Reheating constraints to inflationary models.

Abstract

Evidence from the BICEP2 experiment for a significant gravitational-wave background has focused attention on inflaton potentials V(ϕ)∝ϕ(α) with α = 2 ("chaotic" or "m(2)ϕ(2)" inflation) or with smaller values of α, as may arise in axion-monodromy models. Here we show that reheating considerations may provide additional constraints to these models. The reheating phase preceding the radiation era is modeled by an effective equation-of-state parameter w(re). The canonical reheating scenario is then described by w(re) = 0. The simplest α = 2 models are consistent with w(re) = 0 for values of n(s) well within the current 1σ range. Models with α = 1 or α = 2/3 require a more exotic reheating phase, with -1/3 < w(re) < 0, unless n(s) falls above the current 1σ range. Likewise, models with α = 4 require a physically implausible w(re) > 1/3, unless n(s) is close to the lower limit of the 2σ range.

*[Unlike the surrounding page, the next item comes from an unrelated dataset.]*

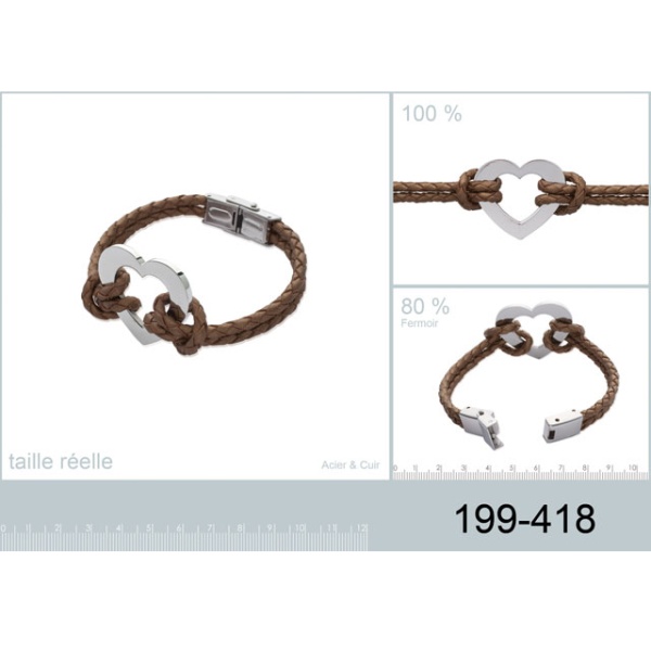 Description Bracelet en acier et cuir. Longueur 18 cm [Guide des tailles] Largeur 25 mm Matière(s) Acier , Cuir . L'acier utilisé dans la bijouterie existe sous plusieurs qualités. Nous utilisons principalement la qualité 316L, qualité qui est utilisée en chirurgie. Cet acier est donc inoxydable et reste très résistant. Fermoir Plat Couleur(s) dominante(s) Marron Public Adulte . Genre Femme . Saison Indémodable . Thème(s) Amour . Cliquez sur une matière, un thème, une couleur ou une collection pour voir tous les articles associés.

For m(2)ϕ(2) inflation and canonical reheating as a benchmark, we derive a relation log(10)(T(re)/10(6) GeV) ≃ 2000(n(s)-0.96) between the reheat temperature T(re) and the scalar spectral index n(s). Thus, if n(s) is close to its central value, then T(re) ≲ 10(6) GeV, just above the electroweak scale. If the reheat temperature is higher, as many theorists may prefer, then the scalar spectral index should be closer to n(s) ≃ 0.965 (at the pivot scale k = 0.05 Mpc(-1)), near the upper limit of the 1σ error range. Improved precision in the measurement of n(s) should allow m(2)ϕ(2), axion monodromy, and ϕ(40) models to be distinguished, even without precise measurement of r, and to test the m(2)ϕ(2) expectation of n(s) ≃ 0.965.